- Location: Interlaken Lakeside Reserve, Midlands, Tasmania
- Coordinates: 42°11′S 147°10′E﻿ / ﻿42.18°S 147.17°E
- Type: natural
- Primary inflows: Lake Sorell
- Primary outflows: Clyde River
- Catchment area: 214 square kilometres (83 sq mi)
- Basin countries: Australia
- Max. length: 7 kilometres (4.3 mi)
- Max. width: 5 kilometres (3.1 mi)
- Surface area: 23 square kilometres (8.9 sq mi)
- Average depth: 1.5 metres (4 ft 11 in)
- Max. depth: 2.4 metres (7 ft 10 in)
- Surface elevation: 803.8 metres (2,637 ft)
- Settlements: Interlaken

= Lake Crescent (Tasmania) =

Lake in Tasmania, Australia

Lake Crescent is a man-made reservoir in the eastern side of the Midlands region of Tasmania, Australia, approximately 100 km north of Hobart.

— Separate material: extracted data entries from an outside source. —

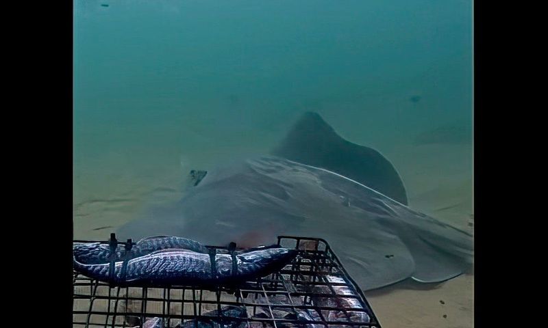The footage, captured off Rhode Island, shows the roughtail stingray – a species that can measure 7 feet across and weigh 600-plus pounds – investigating bait secured inside and on top of the system.
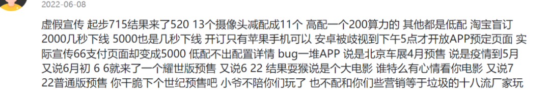 根据车友反馈主要集中在三个点,前期宣传与实际发布配置不符,如此前曾宣传续航715km起步现在却有520km版本,13个摄像头减为11个。
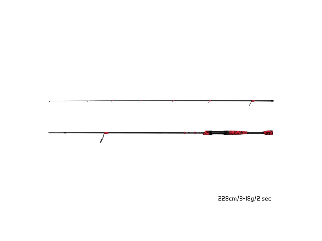 Rychlý, lehký, designově odlišný od všech ostatních prutů. Přesně to definuje přívlačový prut Delphin RedCODE. Série RedCODE přináší na trh novou dimenzi přívlačových prutů. Pruty výborně sedí v ruce díky netypickému, sezanému tvarování rukojeti z EVA pěny, které vám umožní přímý kontakt s blankem prutu. Dělená rukojeť provedená v červeno-černé maskáčové kombinaci výrazně napomáhá k velmi dobrému vyvážení prutů RedCODE i během celodenního rybaření. Kvalitní 24T karbon, který byl použit na celé délce blanku výborně doplňuje semiparabolickou akci prutu a záběr se tak okamžitě přenáší do rukojeti, což dovoluje okamžitou reakci a rychlý zásek. Vyvázání posledních tří oček bílou barvou vám usnadní rozeznat i ten nejopatrnější záběr od nenasytných dravců. Přesně určená velikost oček s výplní SiC a jejich rozložení umožňují dokonale přesné nahazování nástrahy do lovného místa. Technické parametry: Model: 183cm/0.5-5g Počet dílů: 2 Průměr blanku nad rukojetí: 7,0mm Počet oček: 8 Transportní délka: 94,5cm Hmotnost: 82g Rukojeť: dělená, EVA pěna Délka rukojeti (od spodní části prutu po střed sedla): 25,5cm Model: 213cm/2-7g Počet dílů: 2 Průměr blanku nad rukojetí: 8,7mm Počet oček: 9 Transportní délka: 109,5cm Hmotnost: 84g Rukojeť: dělená, EVA pěna Délka rukojeti (od spodní části prutu po střed sedla): 28,5cm Model: 228cm/3-18g Počet dílů: 2 Průměr blanku nad rukojetí: 9,2mm Počet oček: 9 Transportní délka: 117,5cm Hmotnost: 102g Rukojeť: dělená, EVA pěna Délka rukojeti (od spodní části prutu po střed sedla): 29,5cm Model: 244cm/7-26g Počet dílů: 2 Průměr blanku nad rukojetí: 11,5mm Počet oček: 9 Transportní délka: 126cm Hmotnost: 128g Rukojeť: dělená, EVA pěna Délka rukojeti (od spodní části prutu po střed sedla): 32cmDoplňkové parametry
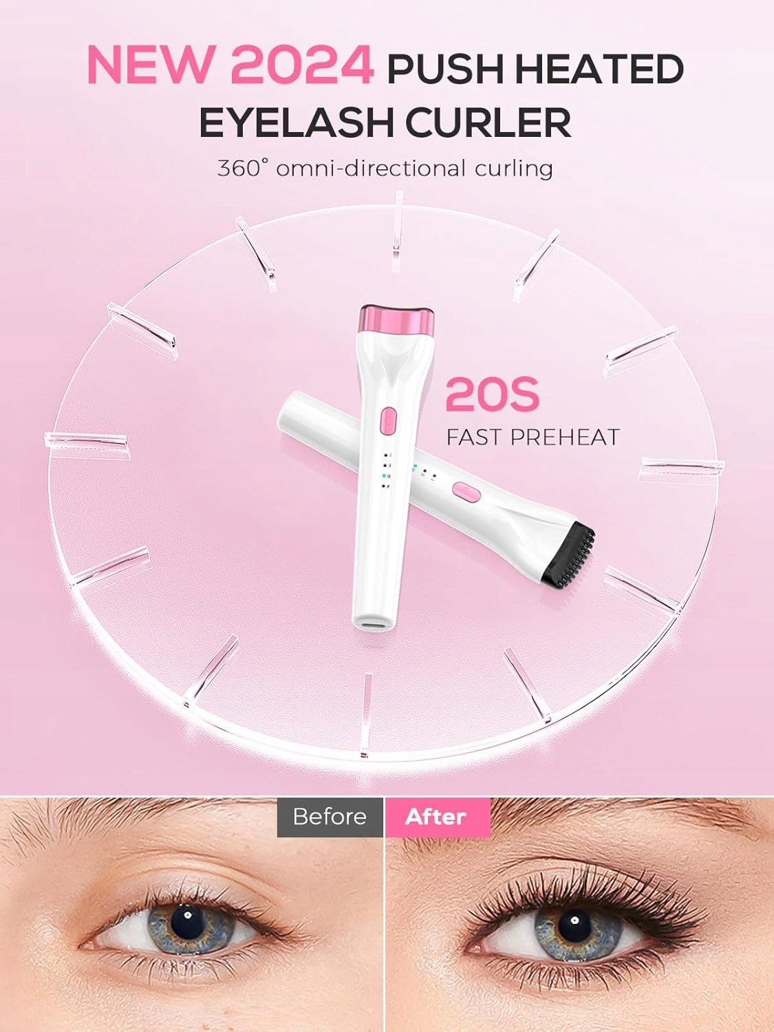 - Попрощайтеся з занедбаними кутами вій. Новий бігуді для вій з підігрівом для вій, 5D-завивки для керлінгу вже не обмежені формою ока. ES-01 має спеціальну вигнуту конструкцію, яка гарантує, що кожен окремий вії прекрасно зігнутий і не залишає вії.
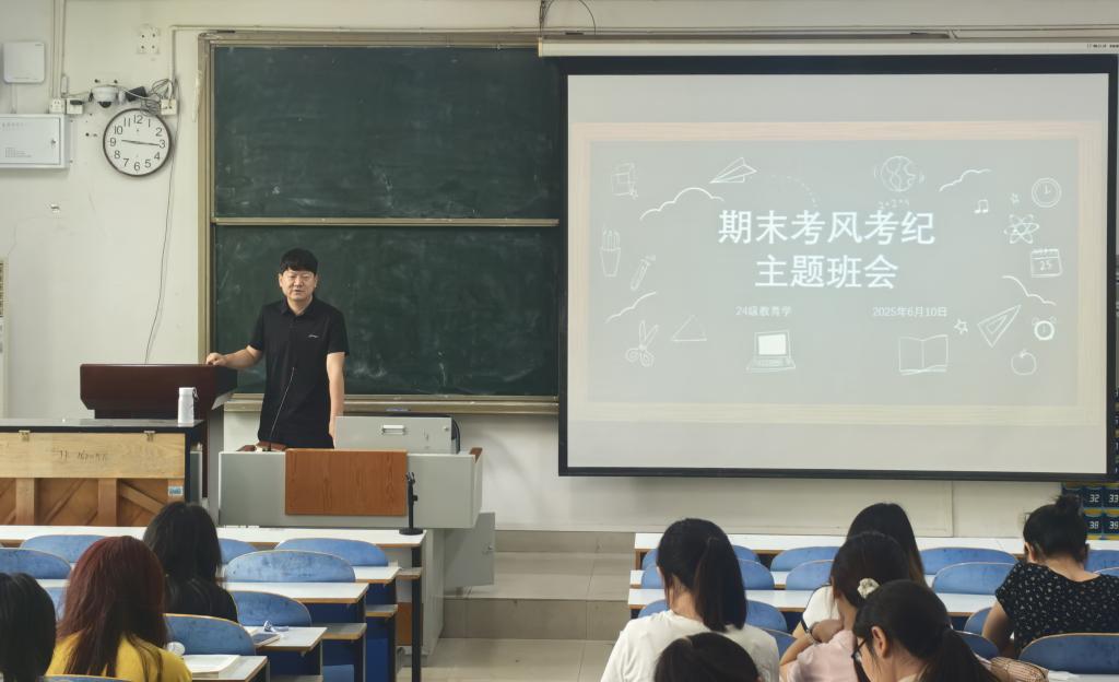 召开安全主题班会。为进一步增强学生安全意识,普及安全知识,营造平安和谐校园环境,教育科学学院组织各班级开展“期末安全教育”主题班会,围绕诚信考试、校规校纪学习、交通安全、消防安全、电信诈骗展开,切实提升学生期末的安全素养与规则意识。

Lake Crescent is the main home for the golden galaxias Galaxias auratus. Carp, Cyprinus carpio, were discovered in the lake in 1995, but were eradicated using innovative techniques. Ramsar is an internationally significant wetland game reserve. The short-finned freshwater eel (Anguilla australis) used to migrate to Lake Crescent from the ocean. However its movement has been impounded by dams on the Derwent River, and mesh screens on the Clyde River to limit the movement of carp. The Inland Fishers Service has been stocking elvers into the lake to sustain a commercial eel fishery. Other fish that are stocked and fished from the lake are brown trout and rainbow trout.

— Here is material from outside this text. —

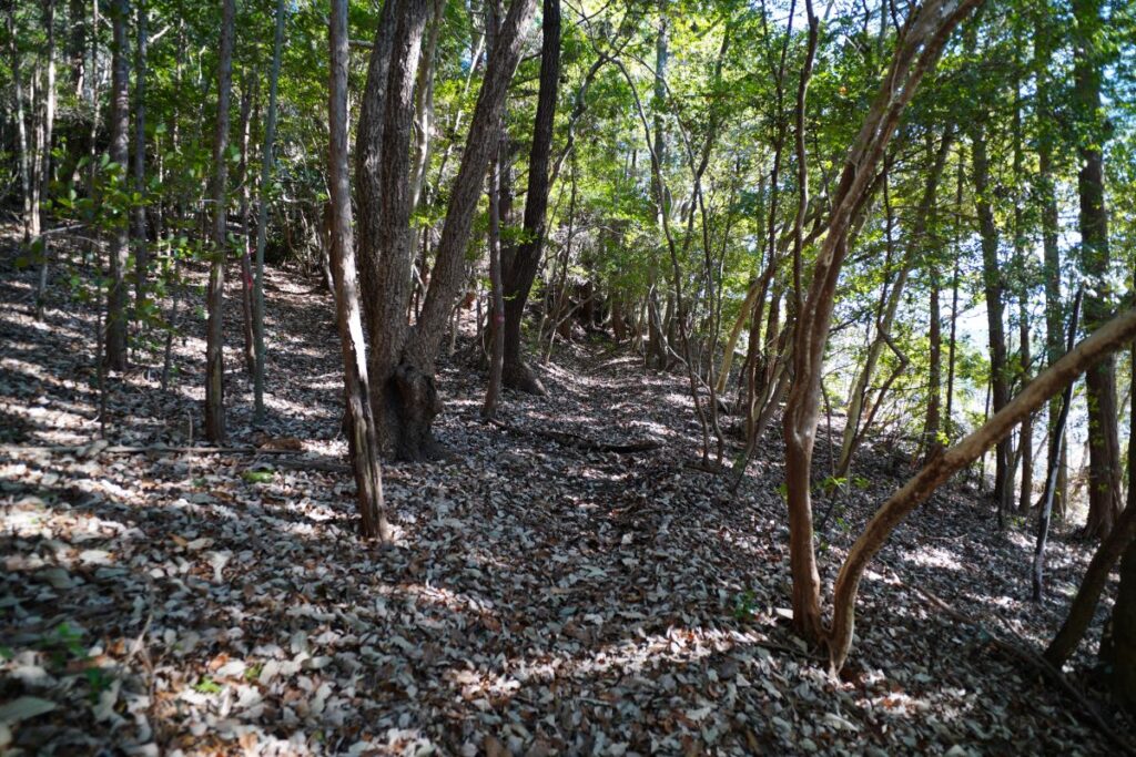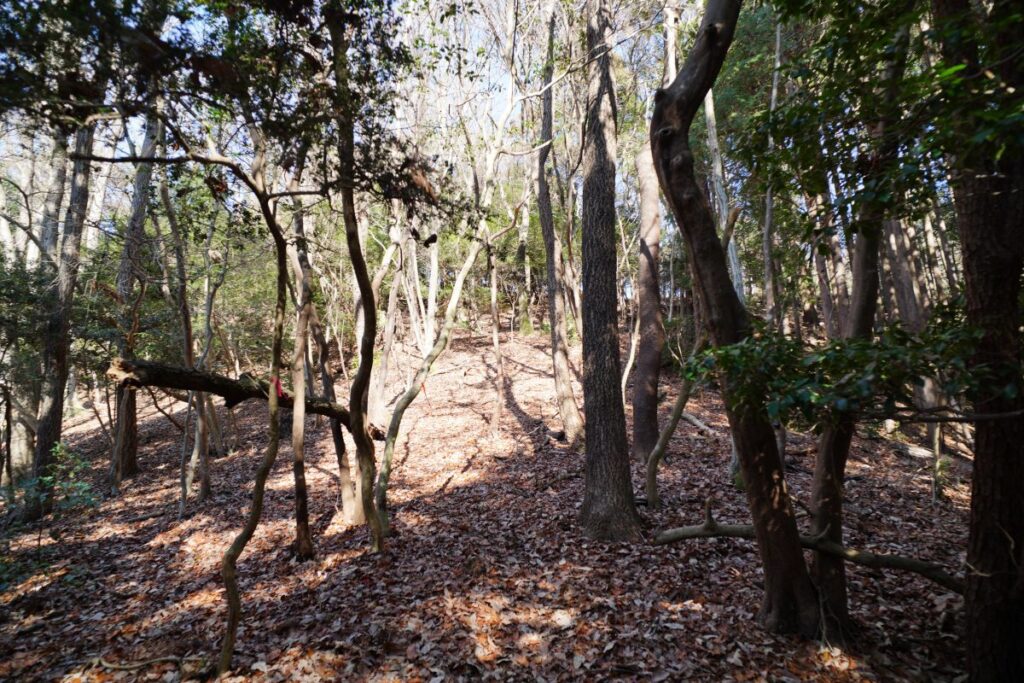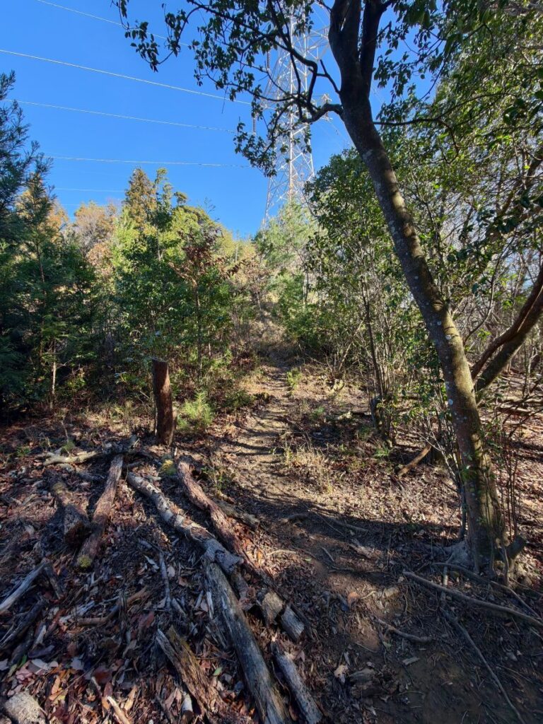 ただの森をさまよっているような雰囲気の中、なんとか踏み跡をたどって登っていくと高圧電線が近づいてきて踏み跡もしっかりしてきます。

There is one boatramp into the lake accessed from Lake Crescent Road. Other roads in the vicinity are Interlaken Road C527, Dennistoun Road C528, and Laycock Drive. The closest camping ground is at Dago Point on Lake Sorell. Named features on the western side of the lake are Teatree Point, Andrews Bay, Big Bay, Jacks Point. The southern edge is called Table Mountain Shore. The eastern side has coastlines called Boathouse Shore, and Sandbank Shore terminating at Triffitt Point. Lakeside Island is in the northern part.

The Interlaken Waste Transfer Station is on Dennistoun Rd.